Added to this, we have a new generation of tech-savvy campaigners who can analyse data, make data visualisations, and connect the dots between different conflict-promoting factors. In a sense, professional peace researchers are part of (or at least provide data for) a growing movement of citizen scientists and journalists. A task for the future must be to make these alliances as effective as possible. Peace research has the most potential when it goes beyond the university seminar room.
Despite the undoubted contributions that peace research has made to how we understand conflict and its complexity, we should only extend two cheers towards it. Peace research is still much too white, and to some extent too male. Go to any peace studies academic conference and you are likely to see phalanxes of western “experts” talking about non-western contexts. Local experts from conflict contexts usually cannot afford to attend international conferences and often fare poorly in the political economy of academic publishing. Like other academic disciplines, peace research can benefit from decolonisation, diversification and self-reflection.

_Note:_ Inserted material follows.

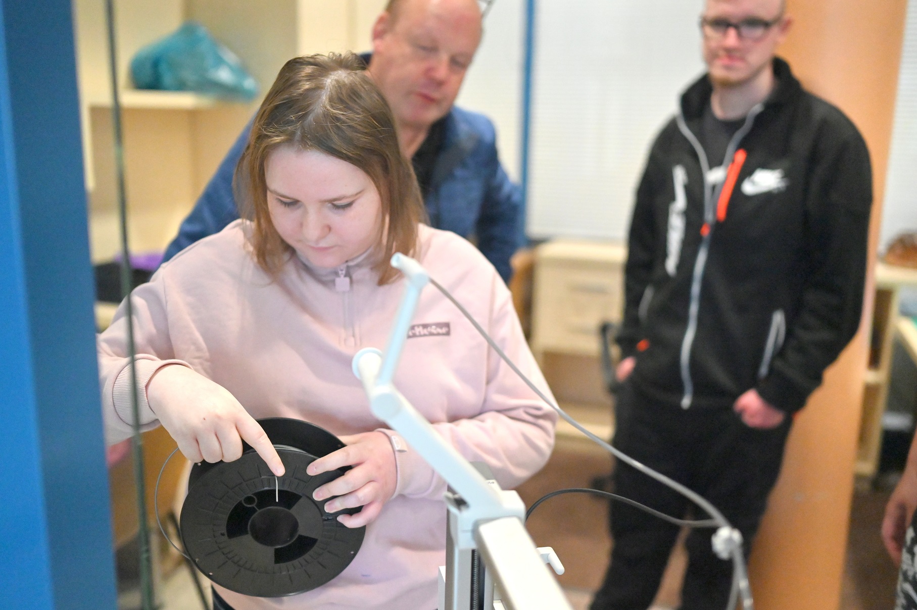 Heute ging die kreative Workshop-Reihe zuende: Beschäftigte lernen unter Anleitung von Herrn Kiesewetter die verschiedensten Kunststoff-Kunstwerke zu drucken. Das Ziel ist die Arbeitsplatzverbesserung – Beschäftigte drucken für Beschäftigte. So können auf Bestellung diverse Hilfsmittel aus Kunststoff hergestellt werden. Die Möglichkeiten sind da. Das Know-How auch. Packen wirs an!
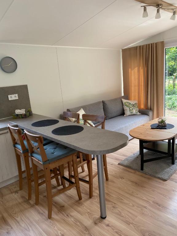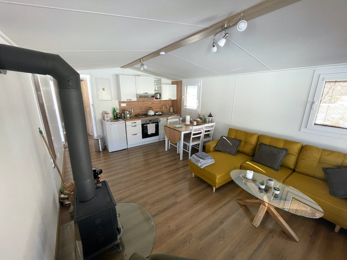 Útulný obývací pokoj s kuchyní v mobilním domě Super Arktik

There is, of course, only so much that peace research can do. It can provide data, make policy recommendations, and speak truth to power. Ultimately it is up to political leaders, corporations, communities and individuals to take responsibility.
Roger Mac Ginty directs the Durham Global Security Institute, and is Professor at the School of Government and International Affairs, both at Durham University. His latest book is Everyday Peace: How so-called ordinary people can disrupt violent conflict (Oxford: Oxford University Press, 2021).